_Problem requirements_
Every record is to be printed exactly as written; pictures are to be omitted.

Stored dataset items
::::::

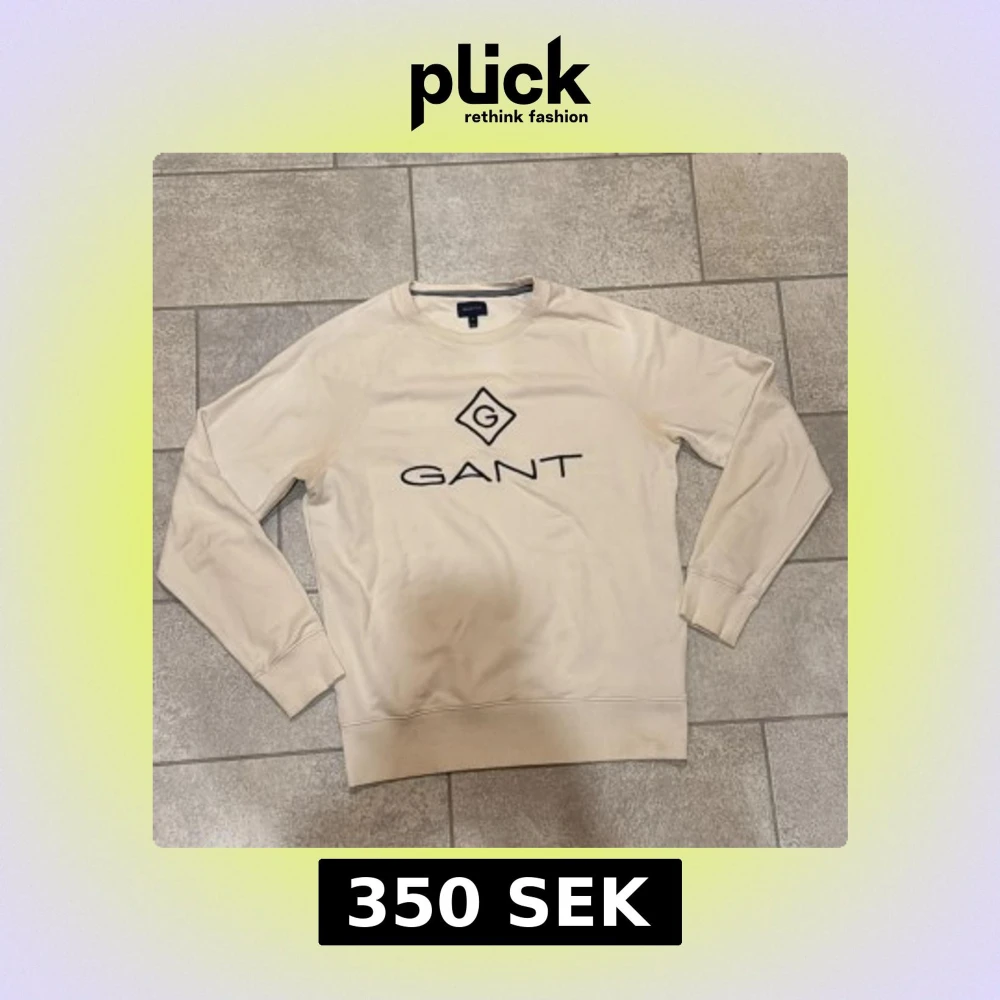 Säljer en stilren vit sweatshirt från GANT med deras ikoniska logga tryckt på framsidan. Tröjan har långa ärmar och en klassisk rund halsringning. Perfekt för en avslappnad och trendig look.
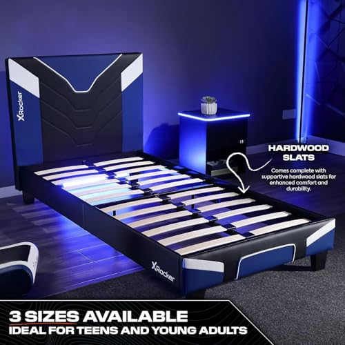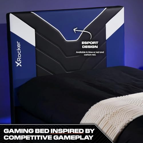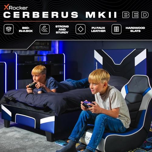 X-Rocker Cerberus Gaming Bett, 90cm Einzelbett, Holzlatten, gepolstertes Kopfteil aus PU-Kunstleder, niedriges Fußteil, ideal für Teenager, Kinder, Gaming-inspiriert, Blau, 90 x 190cm
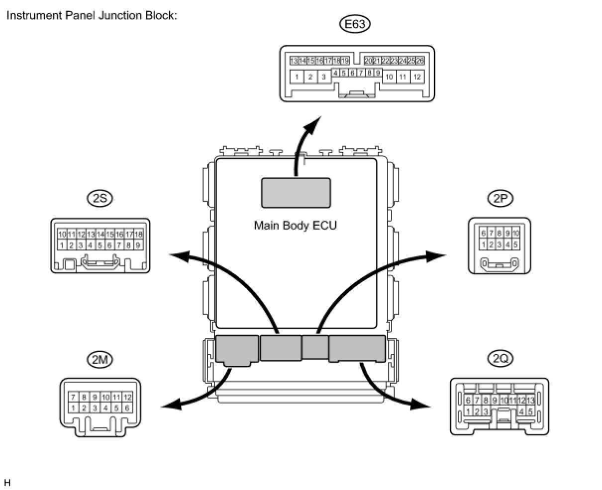 (c) Reconnect the main body ECU and instrument panel junction block connectors.
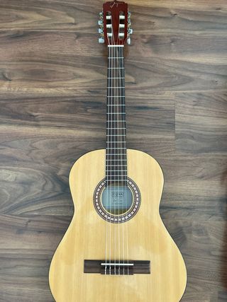 Guitarra española de tamaño juvenil, ideal para iniciarse en la música. Su diseño clásico la hace muy atractiva. - Cuerpo de madera clara. - Mástil de madera oscura. - Cuerdas de nylon.
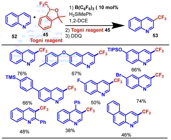- Muta, R.; Torigoe, T.; Kuninobu, Y. 3-Position-Selective C–H Trifluoromethylation of Pyridine Rings Based on Nucleophilic Activation. Org. Lett. 2022, 24, 8218–8222. [Google Scholar] [CrossRef]
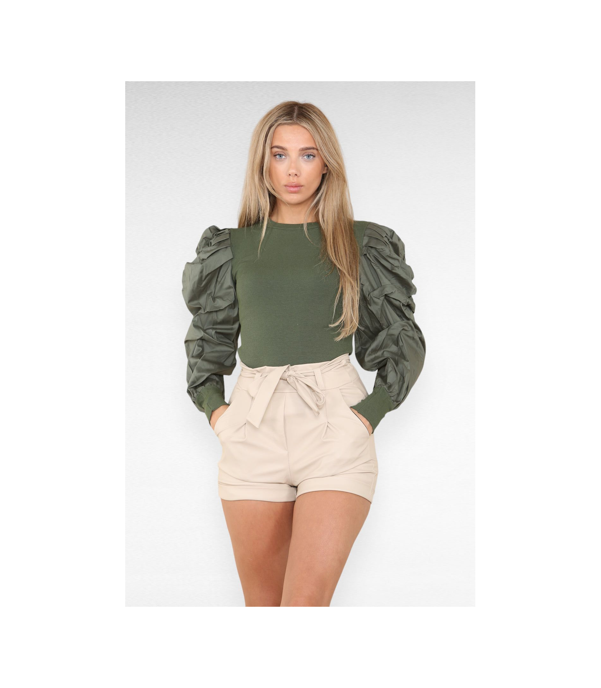 PU Faux Leather Belted Wet Look Shorts With Strap
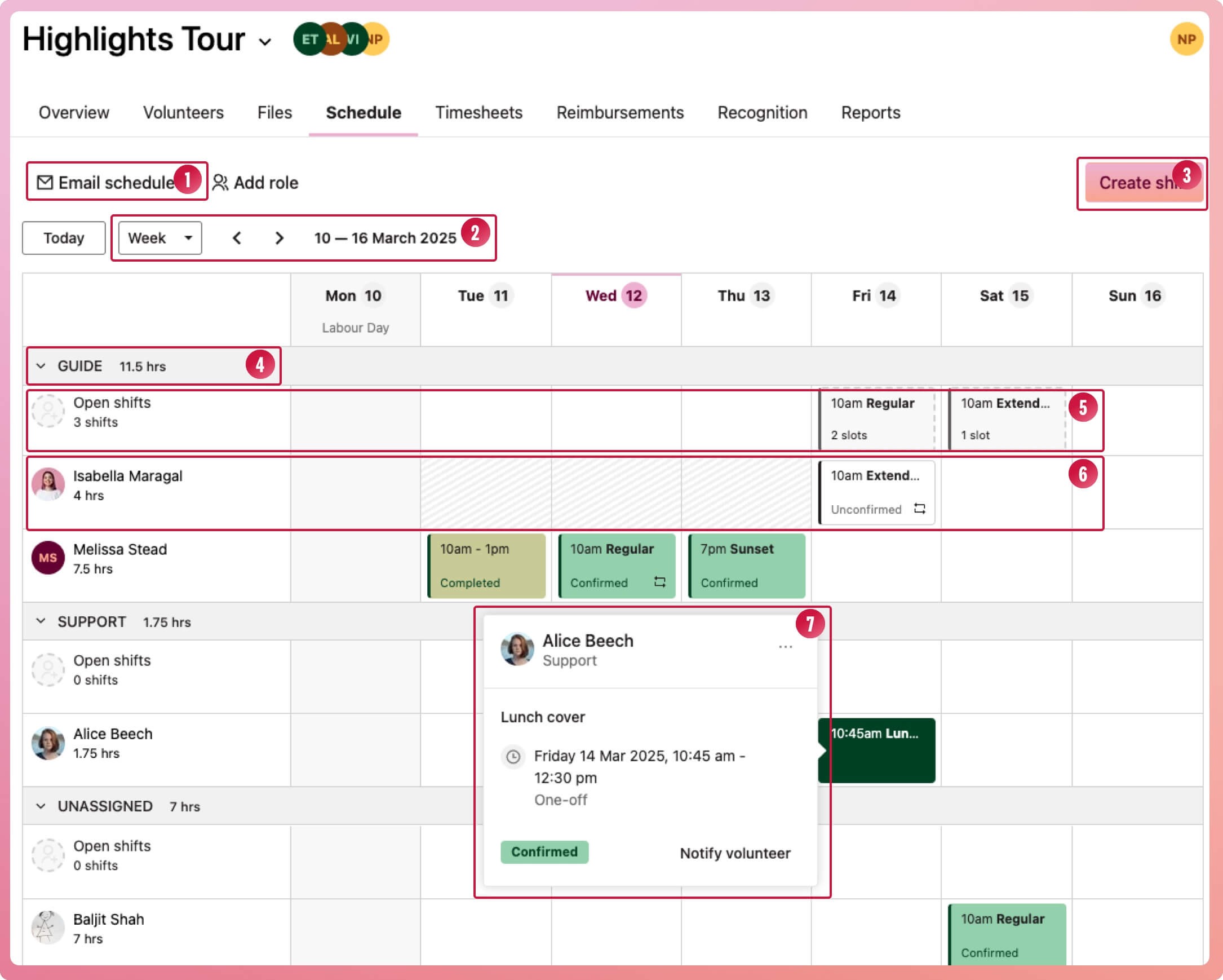 6. Volunteer shift row - The volunteer's shifts for that day/week/month. Public holidays and volunteer availability are marked on their schedule so you know when they can volunteer.

::::::

_Answer space_
 Säljer en stilren vit sweatshirt från GANT med deras ikoniska logga tryckt på framsidan. Tröjan har långa ärmar och en klassisk rund halsringning. Perfekt för en avslappnad och trendig look.
 X-Rocker Cerberus Gaming Bett, 90cm Einzelbett, Holzlatten, gepolstertes Kopfteil aus PU-Kunstleder, niedriges Fußteil, ideal für Teenager, Kinder, Gaming-inspiriert, Blau, 90 x 190cm
 (c) Reconnect the main body ECU and instrument panel junction block connectors.
 Guitarra española de tamaño juvenil, ideal para iniciarse en la música. Su diseño clásico la hace muy atractiva. - Cuerpo de madera clara. - Mástil de madera oscura. - Cuerdas de nylon.
- Muta, R.; Torigoe, T.; Kuninobu, Y. 3-Position-Selective C–H Trifluoromethylation of Pyridine Rings Based on Nucleophilic Activation. Org. Lett. 2022, 24, 8218–8222. [Google Scholar] [CrossRef]
 PU Faux Leather Belted Wet Look Shorts With Strap
 6. Volunteer shift row - The volunteer's shifts for that day/week/month. Public holidays and volunteer availability are marked on their schedule so you know when they can volunteer.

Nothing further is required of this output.